It is wrong from a moral point of view to pull healthcare--and the 
peace of mind that comes with healthcare--out of the hands of 
struggling Americans and working Americans across our country.
  Finally, I want to address one more issue. We heard earlier today 
that Anthem is pulling out of Ohio. Why are they pulling out? Because 
of President Trump. Why is that connected? Because he refuses to 
confirm that his administration will make the cost-sharing reduction 
payments that have been part of the Affordable Care Act. Those payments 
reduce the premiums. Those payments proceed also to reduce the level of 
deductibles so you get more care sooner. So insurance companies don't 
know whether to raise their insurance policy a little or a tremendous 
amount, and that instability means they simply can't price their 
policies.
  In addition, my Republican colleagues have assaulted the risk 
quarters, or reinsurance programs, that make it possible for an 
insurance company to go into a new market and know that if they get a 
disproportionate share of sick patients, they will get compensated for 
that risk and that result. So that reinsurance is essential for more 
companies to be in a particular market.
  Moreover, the administration proceeded to not spend the money on 
advertising in the last stage of signups and reduced the number of 
people who were in the markets.
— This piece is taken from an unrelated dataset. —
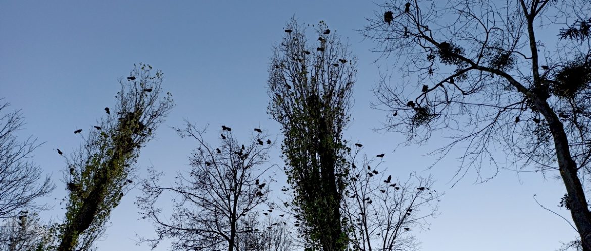 На Первомайской, кроме высоток, галок привлекает аллея пирамидальных тополей. Деревья высокие и они для врановых отличные места гнездования.

So that is another assault on the 
stability of health insurance in America. This is a deliberate, 
straight-out effort to undermine healthcare in America to the 
disadvantage of millions of Americans. It is being done by the 
President without any action even happening on TrumpCare here in the 
Senate. It is wrong. It is hurting a lot of people, and the President 
should stop.
  With that, I conclude my comments.
  Thank you, Mr. President.
  I suggest the absence of a quorum.
  The PRESIDING OFFICER. The clerk will call the roll.
  The legislative clerk proceeded to call the roll.
  Mr. SCHUMER. Mr. President, I ask unanimous consent that the order 
for the quorum call be rescinded.
  The PRESIDING OFFICER. Without objection, it is so ordered.
  Mr. SCHUMER. Mr. President, I ask permission to speak under 
leadership time for a brief moment.
  The PRESIDING OFFICER. Without objection, it is so ordered.
  Mr. SCHUMER. Thank you, Mr. President.
  With respect to the pending vote on the Iran sanctions bill, I want 
to be very clear. Democrats will vote to advance this bill to the floor 
because most of us support the bill but also because we expect an 
amendment process that will follow for a vote on a strong package of 
Russia sanctions. I have talked to the Republican leader about this. He 
is amenable to that.
  Our Republican colleagues should realize it will be very difficult to 
gather Democratic support for final passage of this bill until we deal 
with Russia sanctions. We feel strongly that we need a tough, effective 
package of Russia sanctions to move alongside the Iran sanctions. We 
are currently negotiating to that end. I have faith that the majority 
leader and I, along with Chairman Corker, Chairman Crapo, Ranking 
Member Cardin, and Ranking Member Brown, will be able to agree on a way 
forward that allows for a final vote on Iran sanctions alongside a 
strong and effective package of Russia sanctions.
  With that, I yield the floor.


                             Cloture Motion

  The PRESIDING OFFICER. Pursuant to rule XXII, the Chair lays before 
the Senate the pending cloture motion, which the clerk will state.
  The legislative clerk read as follows:

                             Cloture Motion

       We, the undersigned Senators, in accordance with the 
     provisions of rule XXII of the Standing Rules of the Senate, 
     do hereby move to bring to a close debate on the motion to 
     proceed to Calendar No. 110, S. 722, a bill to impose 
     sanctions with respect to Iran in relation to Iran's 
     ballistic missile program, support for acts of international 
     terrorism, and violations of human rights, and for other 
     purposes.
         Todd Young, Joni Ernst, Bill Cassidy, Ron Johnson, Tom 
           Cotton, Orrin G. Hatch, Roger F. Wicker, Pat Roberts, 
           Mitch McConnell, Richard Burr, Luther Strange, James M. 
           Inhofe, Mike Crapo, Shelley Moore Capito, John Cornyn, 
           Bob Corker, John Barrasso.

  The PRESIDING OFFICER. By unanimous consent, the mandatory quorum 
call has been waived.
  The question is, Is it the sense of the Senate that debate on the 
motion to proceed to S. 722, a bill to impose sanctions with respect to 
Iran in relation to Iran's ballistic missile program, support for acts 
of international terrorism, and violations of human rights, and for 
other purposes, shall be brought to a close?
  The yeas and nays are mandatory under the rule.
  The clerk will call the roll.
  The bill clerk called the roll.
  Mr. CORNYN. The following Senator is necessarily absent: the Senator 
from Texas (Mr. Cruz).
  The PRESIDING OFFICER (Mr. Cotton). Are there any other Senators in 
the Chamber desiring to vote?
  The yeas and nays resulted--yeas 91, nays 8, as follows:

[[Page S3310]]

  


                      [Rollcall Vote No. 140 Leg.]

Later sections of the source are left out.